Filming “Memoryland” in northern Vietnam.

“The Korean audiences raised many interesting questions. Many of them noticed the similarities between Vietnamese and South Korean funerary customs. The elderly audiences felt that a part of their lives was reflected upon in the film,” says Mai.

Quy has enjoyed a strong relationship with the South Korean film festival. Memoryland is supported by Busan’s Asian Cinema Fund for script development, while her feature debut The Inseminator received the same fund for post-production and had its premiere at the festival’s A Window on Asian Cinema section in 2014.

Mai produced both films alongside Dang Xuan Truong, Quy’s husband, who also served as cinematographer and production designer.
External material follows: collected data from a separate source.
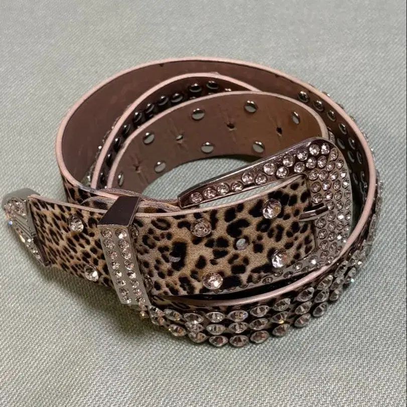 레오파드 무늬 스톤 벨트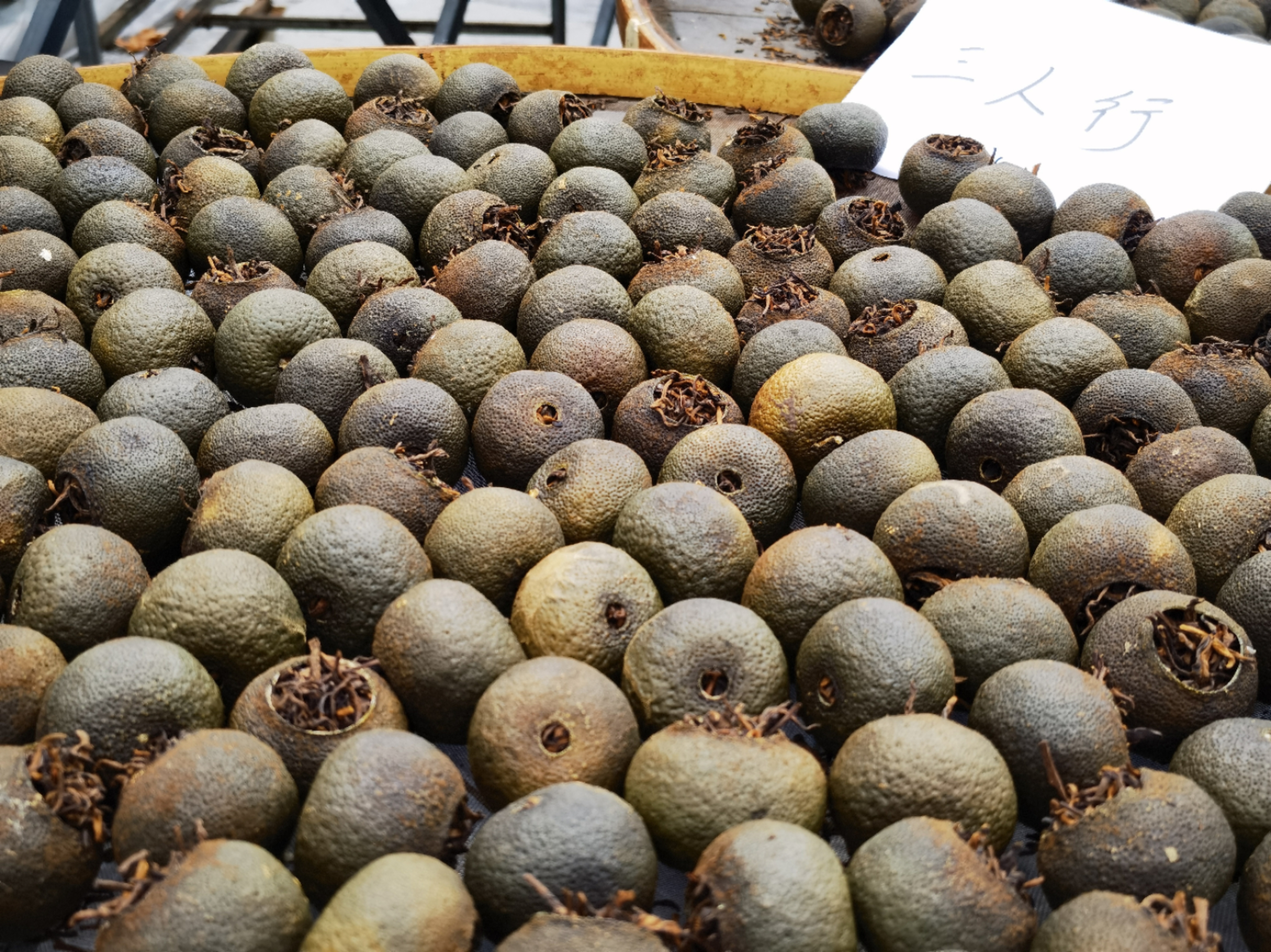 可是,天下好的小青柑茶越来越少,因为被太多“坏人”做坏了,他们为了降低成本,为了蒙蔽对茶不了解的人,为了用价格砸市场抢单,用外地的柑果、或者普通的青橘子(根本不是茶枝柑)、然后填充最烂的下脚料、碎末茶(主要是乌龙茶或者黑茶的碎末),之后进去烘焙机简单烘焙干就完事…我知道最便宜的小青柑茶30上下一斤…此物还能饮?真想说一句,无量商家,茶界之痛,呜呼,“哀”哉…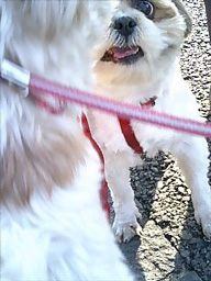 ![]() 「色違いのハーネスを買いました。サイズは 一緒ですが、ピアノのほうが若干キツめ? な~んてレディに失礼ですね(汗)。 「週刊マミ自身」第659号 |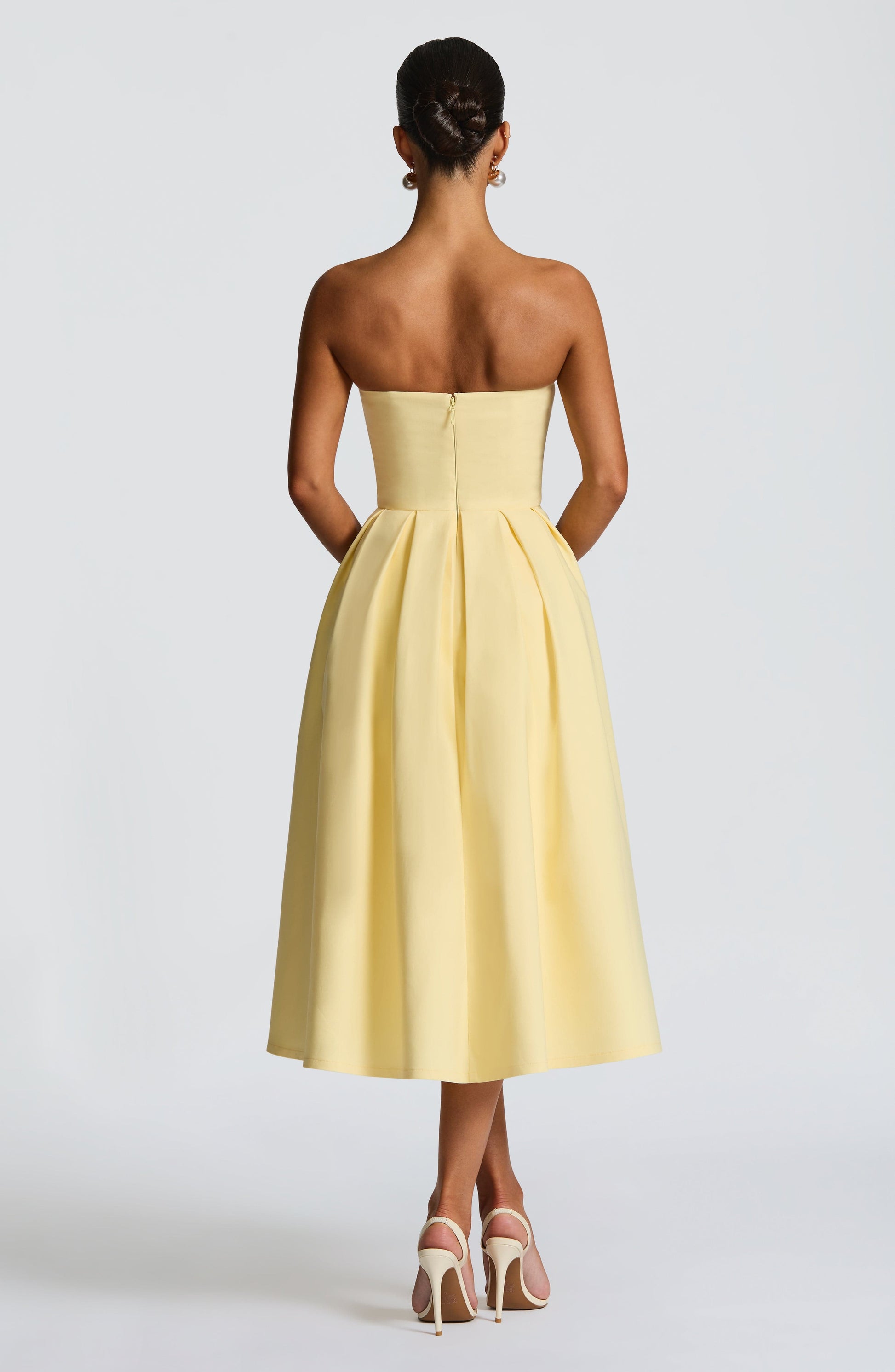 If you’re looking to stand out in a vibrant color without giving up support and structure, the Isalina Strapless Yellow Midi Dress is the perfect balance of aesthetics and functionality.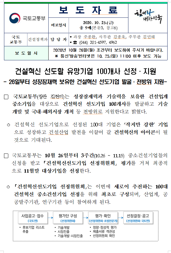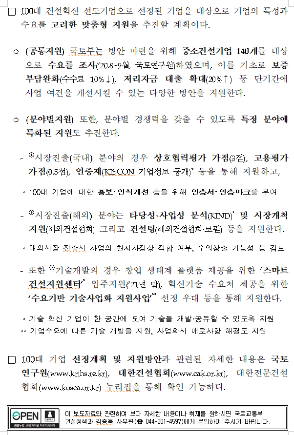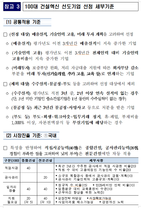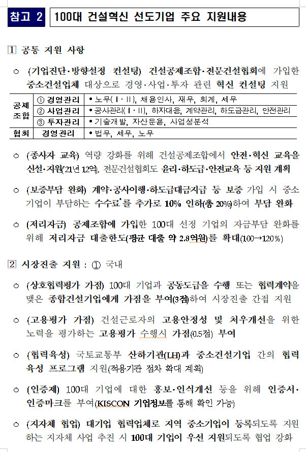 건설혁신 선도할 유망기업 100개사 선정.지원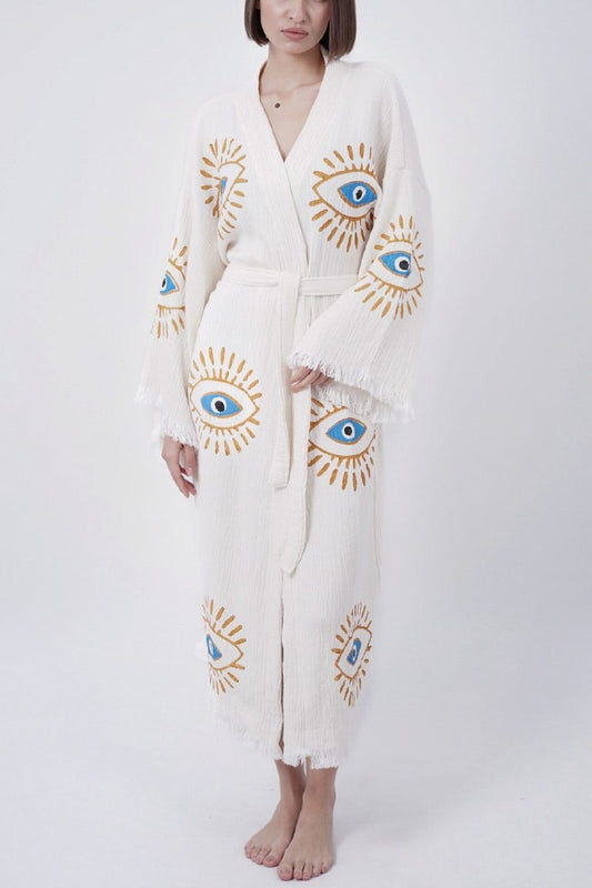 Blusa tipo kimono con estampado de mal de ojo para mujer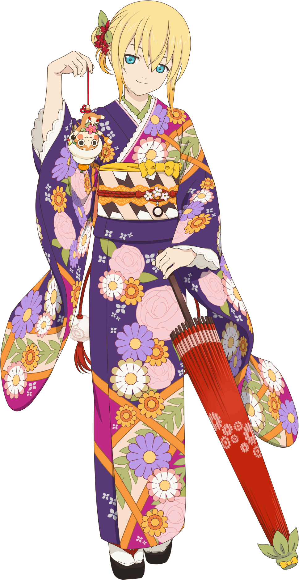 1girl artist_request black_sandals blonde_hair blue_eyes closed_mouth closed_umbrella edna_(kimono)_(tales) edna_(tales) floral_print floral_print_kimono full_body game_cg hair_ornament highres holding holding_umbrella japanese_clothes kimono looking_at_viewer medium_hair normin_(tales) official_alternate_costume official_art phoenix_(tales) print_kimono purple_kimono red_umbrella sandals smile smug solo tales_of_(series) tales_of_asteria tales_of_zestiria third-party_source transparent_background umbrella

Truong won the best cinematography award at the ASEAN International Film Festival in 2015 for The Inseminator.

After Busan, The Inseminator went on to play in Rotterdam, Gothenburg, Taipei, and Munich, and most recently in Locarno this year. But the film, about a dying old man who takes extreme measures to find a bride for his son to continue the family lineage, was banned in Vietnam.

“My film has violated the Cinema Law, which forbids any incestuous behavior onscreen,” Quy says. “I could have got away with it if I changed the daughter’s character: to make her an adopted daughter of the old man, rather than his biological daughter. But that’s not my vision and what’s depicted in the film did happen in real life. By keeping to my story, I’ve fulfilled my duty as a filmmaker, just like the censorship regulators have fulfilled theirs by banning the film.”

Going forward, Quy hopes that the new Cinema Law will allow films to be rated for different audiences, making it possible for films like The Inseminator to be screened in film festivals and for academic purposes.

It came as a big relief to Quy and her team that Memoryland has passed the local censors, with an NC-16 rating. It has just screened at the Vietnam Film Festival, which ran from November 10-16. However, Quy says that it is very hard for low-budget, independent films to get a theatrical release, as the distribution system is mostly for commercial films.

As her health is improving, Quy has a couple of new projects in development, one of which is set in the same village as Memoryland. She is also producing an experimental project for seven of her students at the Hanoi Academy of Theater and Cinema. She has full confidence in the future of contemporary Vietnamese cinema.